/Reader-responses-to-translated-literature

Scripts for the DIOPTRA-L project (Digital Opinions on Translated Literature)

Primary LanguagePythonMIT LicenseMIT

Reader responses to translated literature

This repository contains code for the DIOPTRA-L project by Haidee Kotze, Gys-Walt van Egdom, Corina Koolen and Utrecht University's Research Software Lab, and can be used to reproduce the publication

Kotze, Haidee & Janssen, Berit & Koolen, Corina & Plas, Luka & Egdom, Gys-Walt. (2021). Norms, affect and evaluation in the reception of literary translations in multilingual online reading communities: Deriving cognitive-evaluative templates from big data. Translation, Cognition & Behavior. 4. 10.1075/tcb.00060.kot.

Prerequisites

Python

Most of the scripts require Python 3.6. To install dependencies, run pip install -r requirements.txt

R

The statistical analysis and visualization was performed in R, using the following libraries:

  • coin
  • dplyr
  • ggplot2
  • Hmisc
  • irr
  • lme4
  • reshape2
  • rstatix

Steps to reproduce

  1. scrapers: Python scripts used to scrape reviews from Goodreads. Documentation on usage in that folder's README.
  2. preprocessing: Python scripts used to clean the data, and more specifically, tokenization.
  3. embeddings: Jupyter notebooks for training and evaluating word embeddings using word2vec.

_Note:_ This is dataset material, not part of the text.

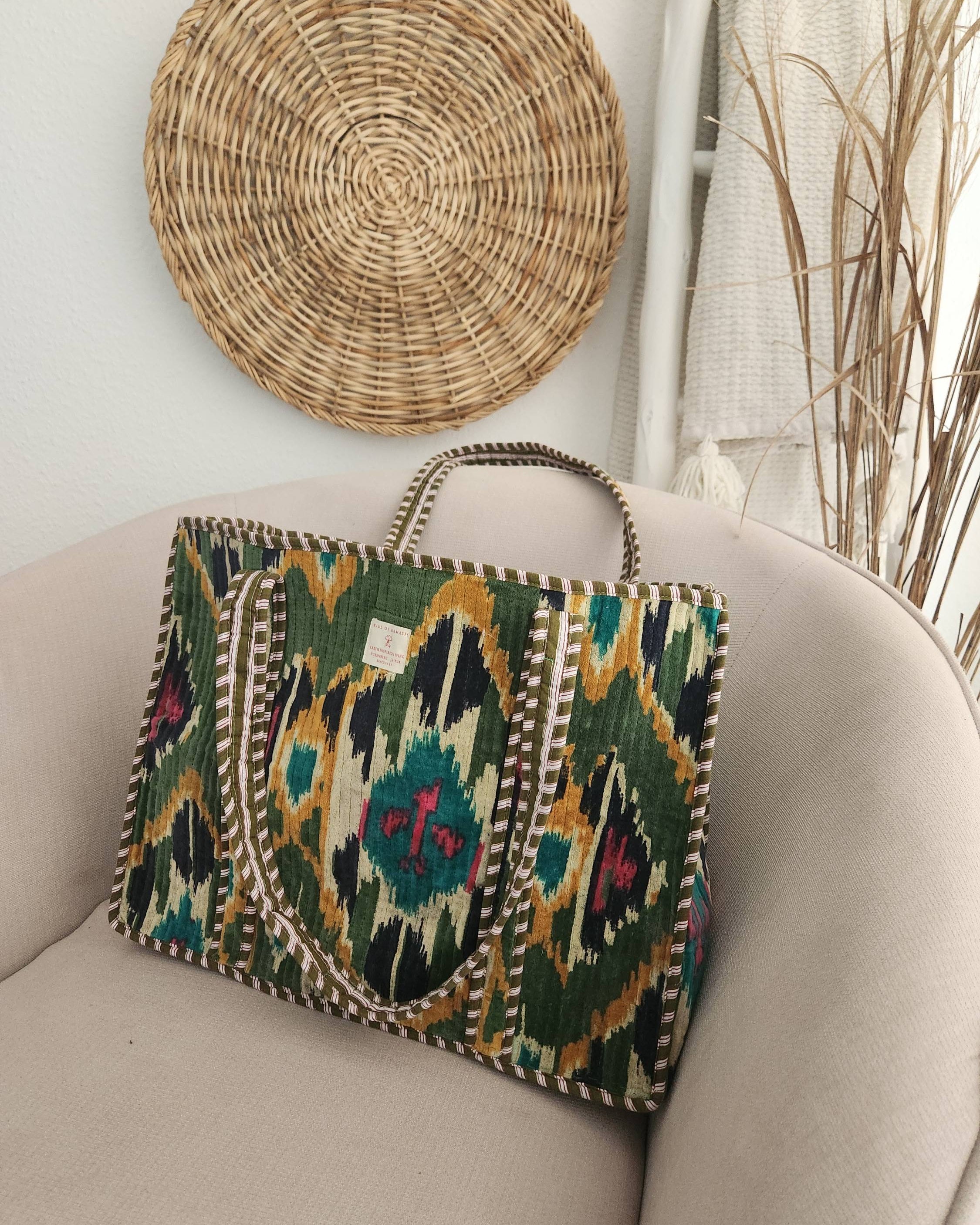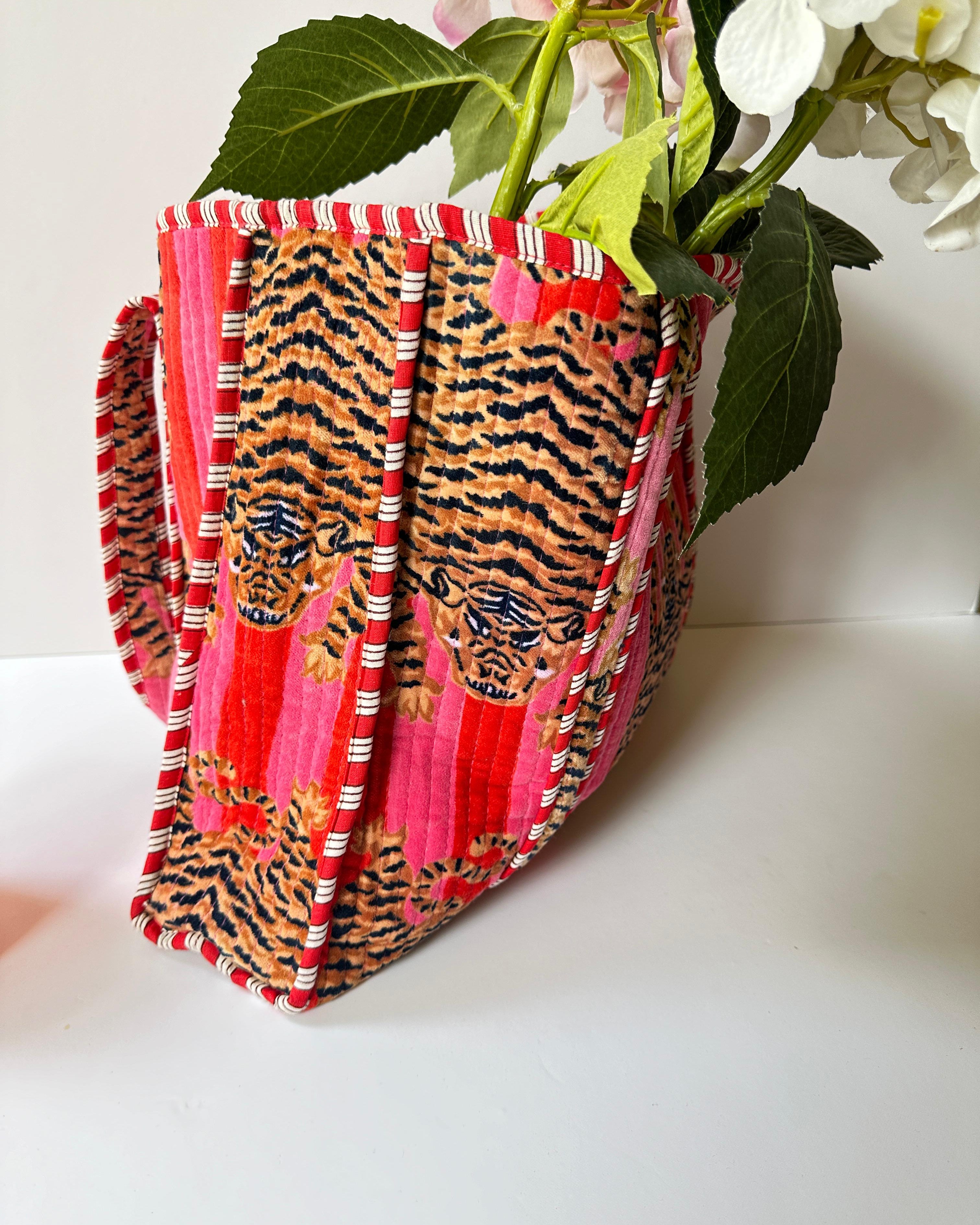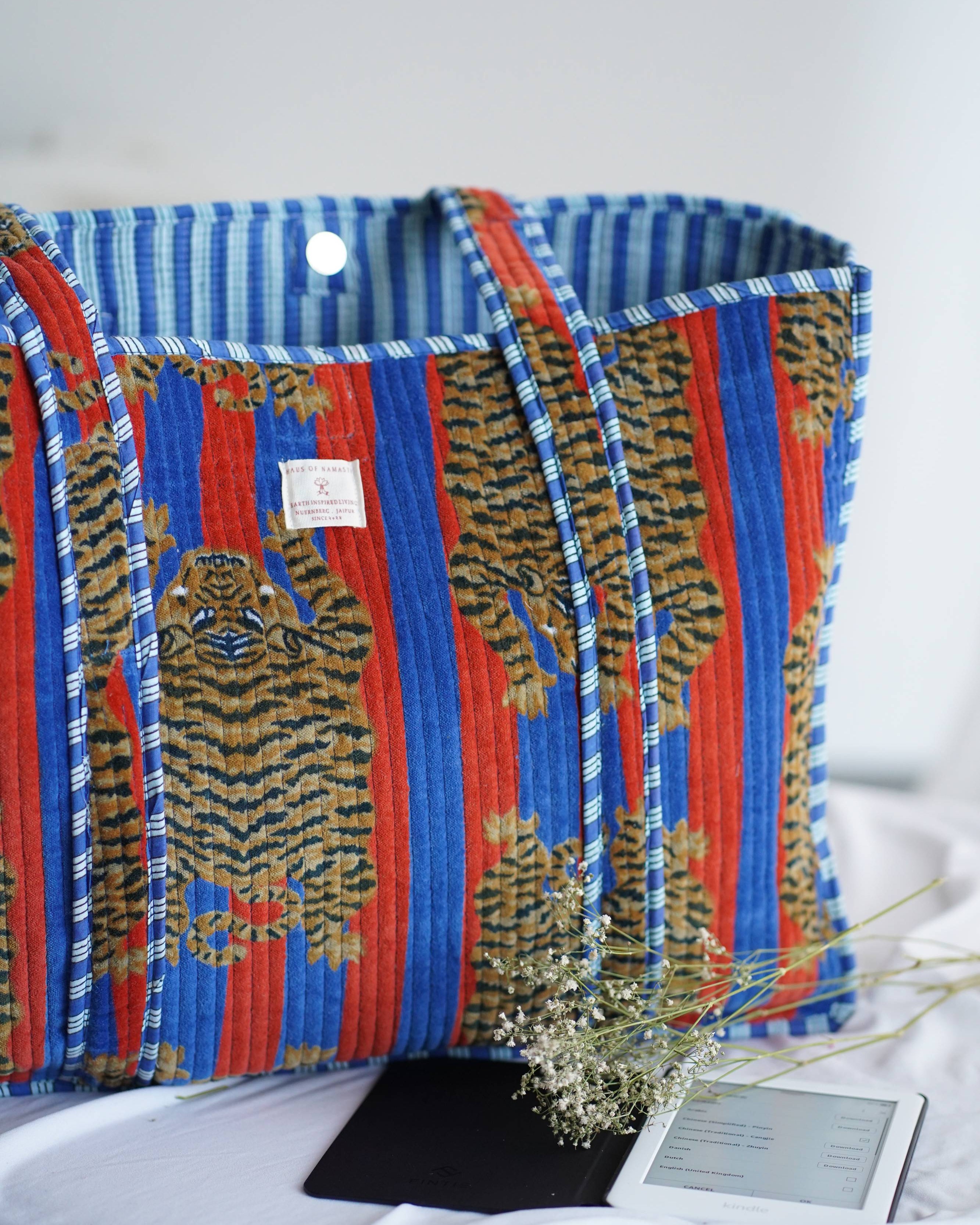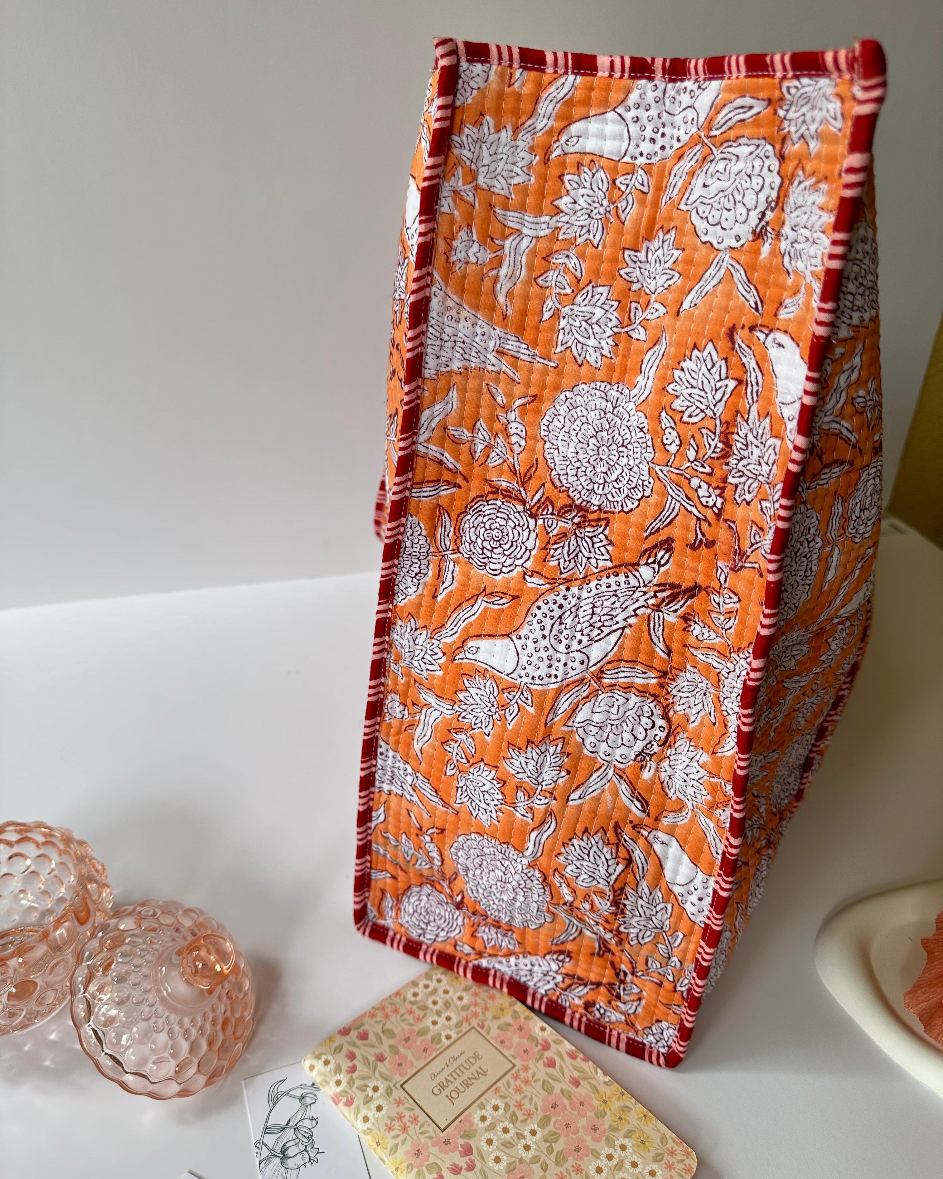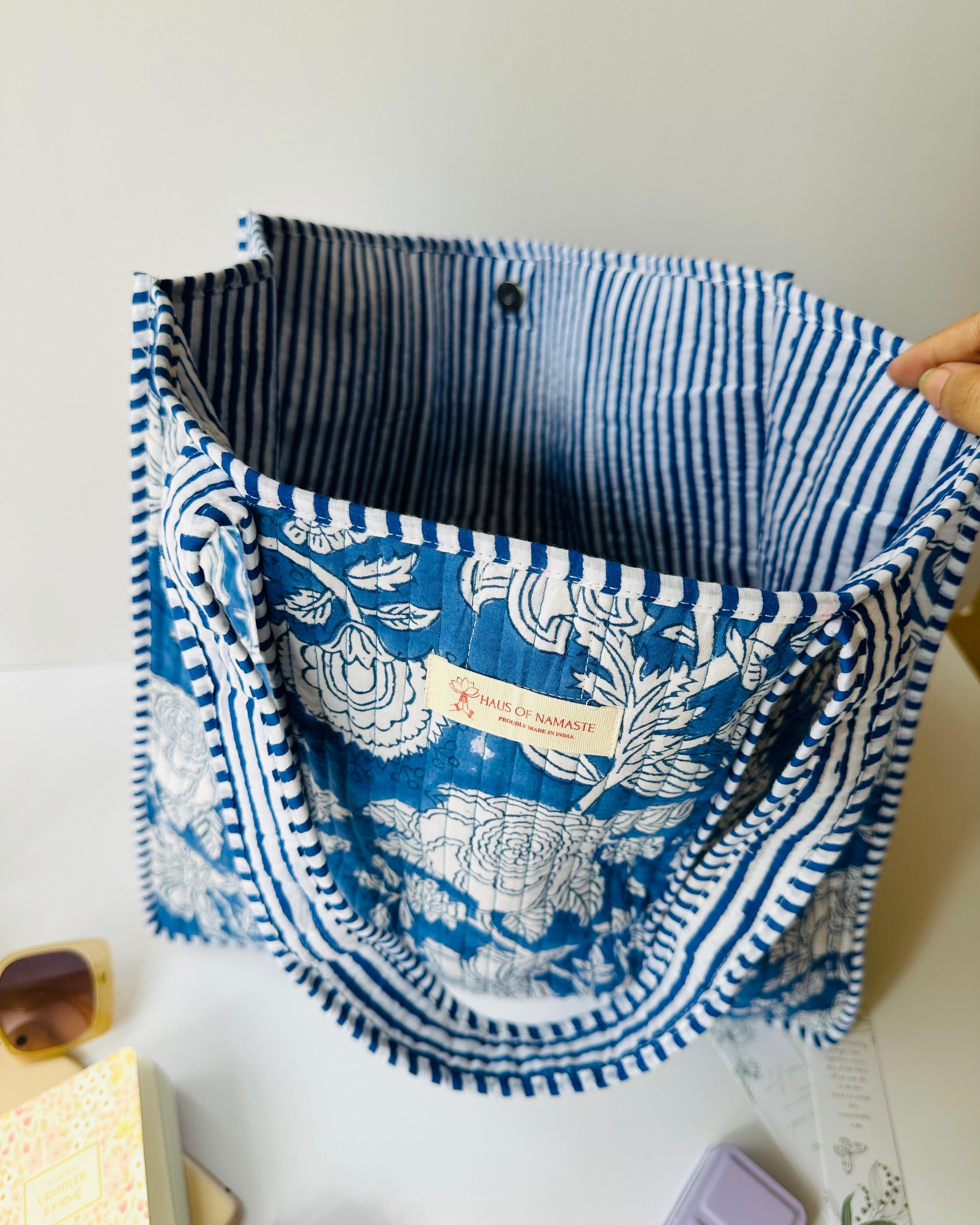 handgefertigt. Die farbenfrohen Blumenmuster werden per Handblockdruck auf die Wendetaschen

As the dataset is relatively small, the resulting embeddings were not informative for further research.
  4. analysis: Python scripts to collect and count translation lemmas, based on human annotations.
  5. collocations: Python scripts for finding collocations surrounding translation lemmas
  6. sentiment: Python scripts to count positive / negative and hedge terms in collocations.
  7. model: R scripts used to generate statistics and visualizations of the data.